Simple Solutions: ‘Love The Brotherhood' is
The Root of ‘Community'
Brothers and sisters, this is a heck of a condition that we are in. Now, I want you to look at how we've been gradually taken down: 1) Homes are broken; 2) Male-Female relationships at an all-time low; 3) Marriages are disrespected (“Let's just shack”); 4) Children are being warehoused, put into places with people who may not have feeling for them.
Children are not being nurtured from your breast, mother—that's what it was made for; but you're “nurturing” them from a plastic bottle, so they cry for the bottle and not for you. Take the bottle away and they have a fit, when it used to be take the breast away and they'll have a fit. Marrying, or wedding, a child; bonding it to its own mother is a thing of the past.
Family, I offer you some simple solutions that I think will help. The Bible teaches that we can tell that we've passed from “death” into “life” because we “love the brotherhood.” Love is at The Root of “Community”—real Community. Social beings, as God created us, have to live according to certain values, norms, rules, regulations that promote peace between each other, so we have to get back to “How do we learn to love?” You cannot love what you don't know, or what you don't understand. And the problem is that we are not being taught a sufficient Knowledge of Self that would allow us to love who we are, and how God created us.

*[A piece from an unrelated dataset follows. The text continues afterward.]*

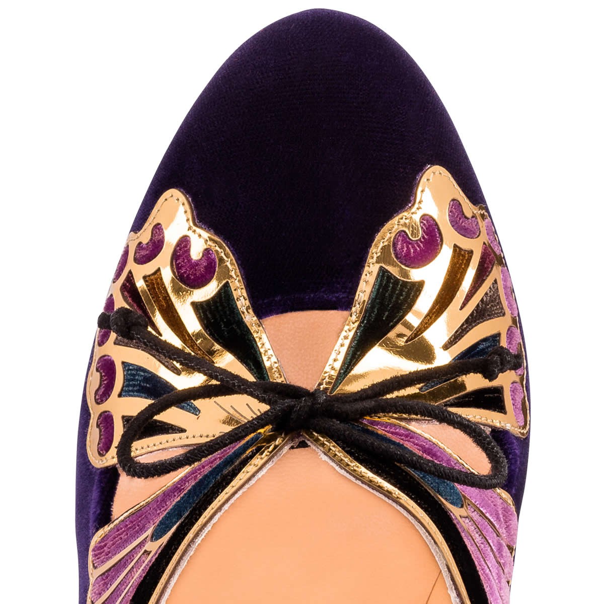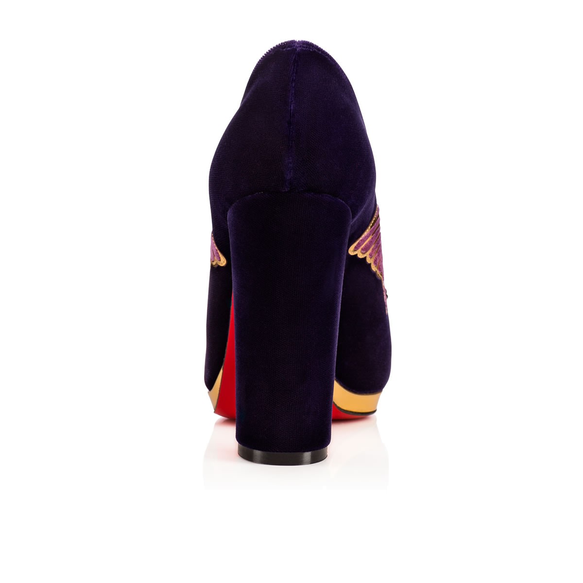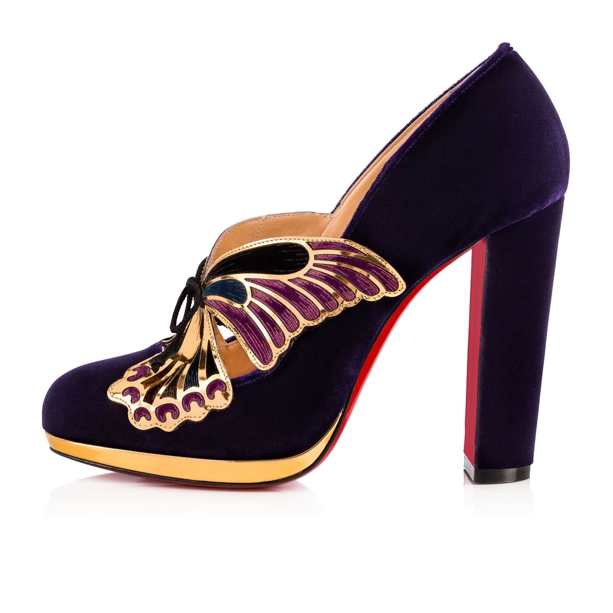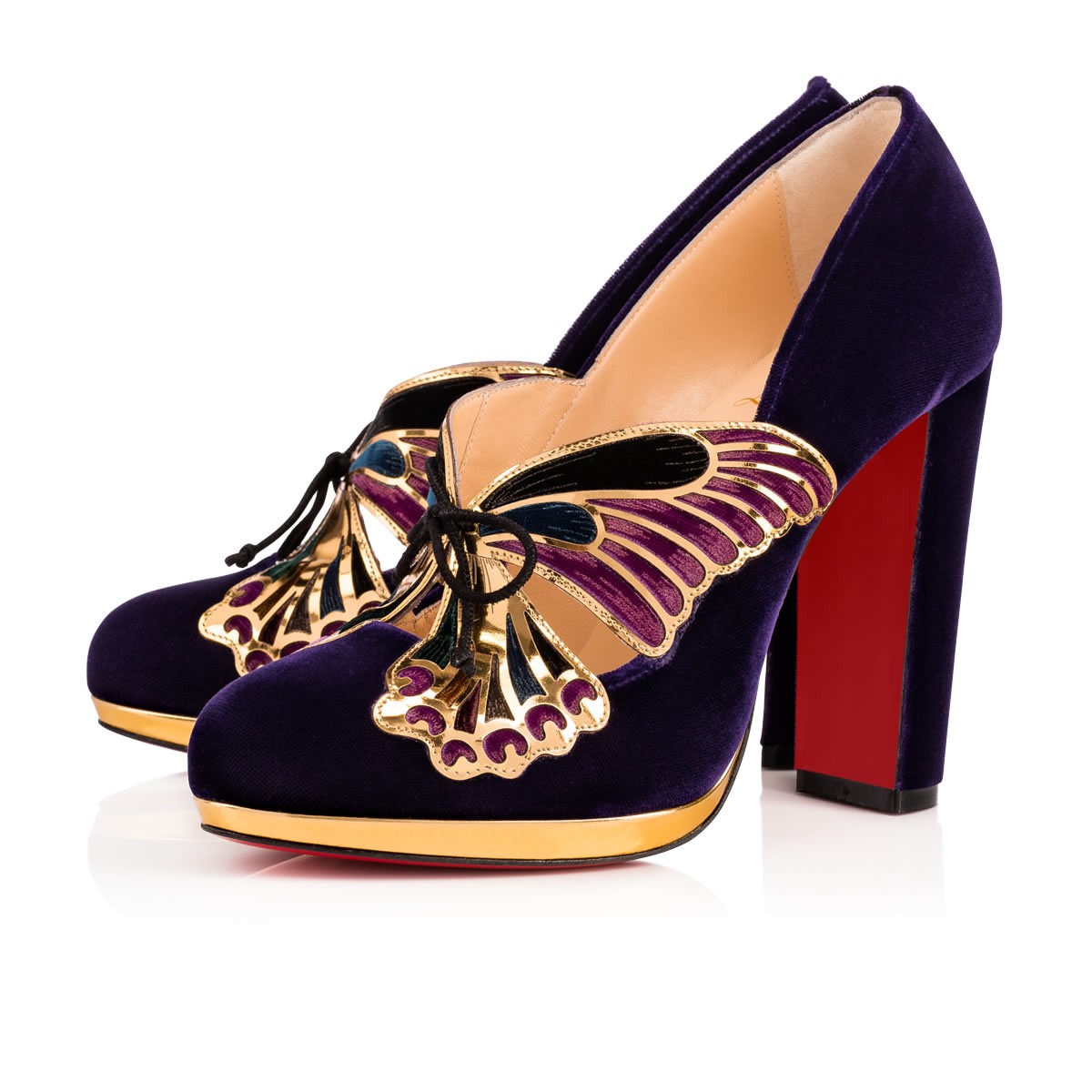 “Barboleta” is one of Christian Louboutin’s favorite styles in the Fall/Winter ’17 collectsion. Adorned in a divine butterfly appliqué vamp feature that ties together with leather laces, this violet velvet pump stands tall atop a 120mm block heel and slender specchio leather platform.

First: In a society like this where you hate the color of your skin, the flatness of your nose, the thickness of your lips, you hate your African origin, it is easy, then, for you to molest or mistreat what you don't love. So just as Martin Luther King taught us through the pulpit how to love an Enemy that was mistreating us, and now we are mistreating one another, then we have to get back in that same pulpit and teach Black people who they are in The Eyes of God, not in the eyes of man; and then cause us to accept social relationships based on immutable laws that God has set down, that would make us relate to one another as brothers and sisters. In so doing, we lose the envy, the enmity, the jealousy, and all of that that has put us into a degraded state.
Next, we have to elevate our women. If we want to rise, you rise not on the strength of the man. You rise on the strength of the woman. That's why Elijah Muhammad said “Where there are no decent women there are no decent men, for it is the woman who is the Mother of Civilization.”
And lastly: You know, we have many wealthy Black men and women; and all of them, to the best of my knowledge, have good hearts. They really want to give back to the community, but they are not guided as to how to do it. So our basketball players can come and they'll put up a little basketball place where we can go and shoot hoops; others will do little community projects, but it's “you doing yours over there,” “me doing mine over here.” And we're giving back; and our hearts are comforted.
But to our great Congressman, who has great influence in Congress; our great leaders: Suppose we got together and pulled our wealthy brothers and sisters into a room and said to them: “Look brothers, look sisters: Let's pool our resources, and let's buy 20 million acres of land,” for land is the basis of economic development? America is for sale—but others are buying it, and we should be the owners of it, since we worked to produce it! So if we pool the wealth of our wealthy, then start Agribusiness and take it away from the Merchants of Death who are killing the American people by producing degenerated foods, genetically-modified organisms that are literally killing not only our people, but the American people.
Think about it! You're being killed and you don't even know it! But if we pooled our resources, we could create Agribusiness: Unite the farmers in the South with the markets in the cities; we could begin to produce food; freeze it. We could learn how to trade: Take the cotton, make it into lint; turn it into cloth. Start creating our own garments and our own styles so you don't look like a prostitute when you're not one!
Let's get busy and do something to help ourselves! Thank you.